At an early September game against Kerrville’s Tivy High School, three Fredericksburg players got concussions. But Tivy Antlers football is precious in town. More than 4,000 people show up for home games, and Antler gear is as common a sight in town as college or pro jerseys.

“Kids want to be part of the football team,” says David Jones, Tivy’s head football coach. “So it’s our job as coaches to protect them the very best that we can.”

And while some pro players chafe against new safety rules – lamenting the lost “toughness” of the game – young kids “have never known it the other way,” says Mr. Jones. “What they know is what we’ve told them, how we’re going to do it now, and that’s all they care about.”

Friday night lights

It’s the night the Fredericksburg Battlin’ Billies have been practicing for. At 5-4, the Billies need to win to make the playoffs. The players charge onto the field through an inflatable tunnel crowned with a red billy goat led by Navy JROTCs carrying the American, Texas, and school flags. The Billies’ red helmets shine under the floodlights.

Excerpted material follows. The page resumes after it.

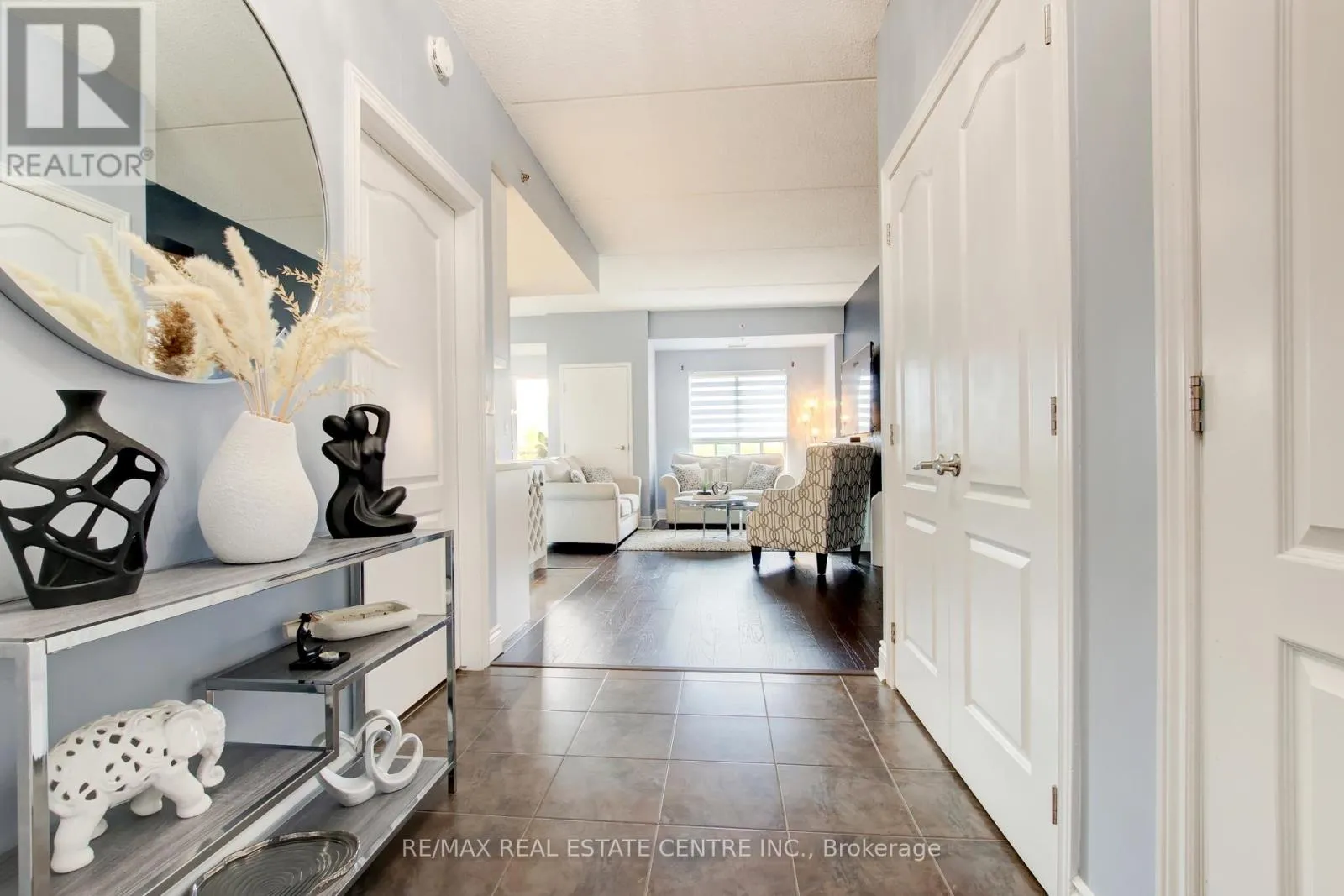Cross Streets: Thompson Rd. S./Derry Road. ** Directions: Thomson Road South to Costigan Road. Welcome to 1419 Costigan Road, #305 in the heart of Milton - a beautifully updated and well maintained 1,274 square foot unit offering a rare blend of space, upgrades and unobstructed views. Step inside this bright 2+1 bedroom, 2-bath unit (with a versatile "+1" den easily serving as a guest room or home office) and you'll immediately feel the generous size and lovely floorplan. The open-concept living and dining area is flooded with natural light, featuring hardwood floors, 9' ceilings, and a walk-out to your private balcony where you can wind down with a book and enjoy views of the greenspace. The well-appointed kitchen flows seamlessly into the living space, and features granite counters, backsplash, undermount sink, stainless steel appliances and ample cabinet space. Two generous sized bedrooms including an oversized primary with a massive walk-in closet and a convenient 3-piece ensuite bath. The den is not your average den, it is a spacious (120 square feet) separate room that offers flexible usage as an additional space for guests, a private home office, or just a large storage space. Convenient in-suite laundry with built-in cabinetry. Two designated parking spaces (1 underground and 1 surface level), plus a separate storage locker. Located in the beautiful town of Milton, you are never far from whatever you might need. Whether it's quick access to amenities, or a day spent on a nearby nature trail, Milton offers a range of amenities for all lifestyles. Building amenities include an exercise room, party room, and plenty of visitor parking. Just minutes to the 401, 407, GO train and Milton Transit. Walking distance to schools, parks, restaurants, and shopping. A peaceful retreat, right at home, don't miss this one. (id:27476)
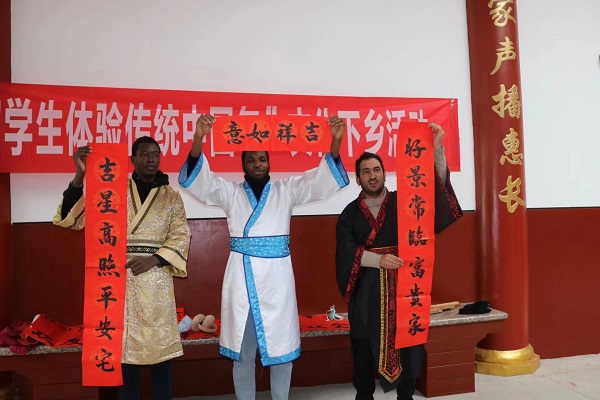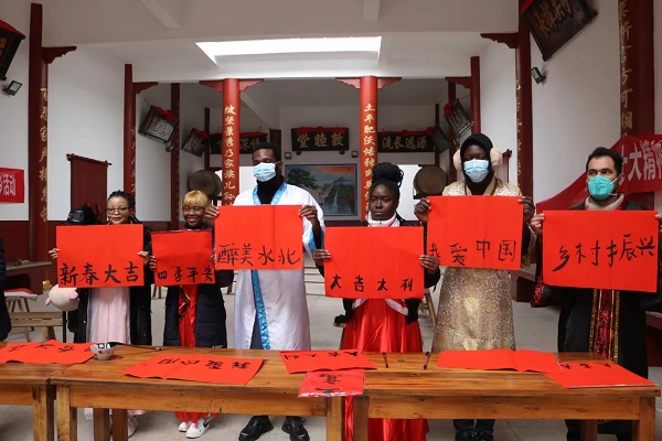 1月16日,江西省新余市渝水区委宣传部与江西工程学院在渝水区水北镇伍塘村联合开展“写春联 送祝福 留学生体验传统中国年”文化下乡活动,让身在异乡的留学生们感受浓浓的中国年,用丰富的艺术形式营造起留学生与村民之间欢庆祥和、其乐融融的过年氛围。

The game is away and the aluminum bleachers at Badger Field in Lampasas lean over the field just a few feet from the sidelines, crowded with spectators layered in sweaters and blankets. The game see-saws back and forth, with Fredericksburg falling behind 35-13 before an improbable comeback – including a long touchdown and a successful onside kick – brings them within two points, 49-47.

Fans on Billies’ sideline are on their feet, blankets forgotten, rattling cowbells and cheering. But on a crucial fourth down late in the game, Lampasas quarterback Ace Whitehead runs a sneak for the yard-and-a-half Lampasas needs. First down. Game over.

Minutes later, the Billies are kneeling near the halfway line. Some players are in tears. Moffett has his hat tucked under his folded arms, his playbook stuffed in his back pocket. “I love all of you,” he says.

“It’s not about winning and losing, it’s about being a team and supporting each other,” he continues. “You’re going to hurt, but you’ll be there for each other.”

There were no concussions or serious injuries in the game. There was a first-half embarrassment, a spirited comeback, and, ultimately, heartbreak.

These are the moments Texas wants to save.

“Football is one of the only avenues that you can teach a kid to get knocked down and get beat up and have to get back up,” says Jones. “It teaches you that that person next to you is a heck of a lot more important than you, and I don’t know where else you learn that.”

“I’ve never been into the toughness of the sport, that’s never been my motivation… I don’t have any qualms about the [safety] changes,” he adds. “We can put our head in the sand and say we don’t like it, but the truth is it’s here.”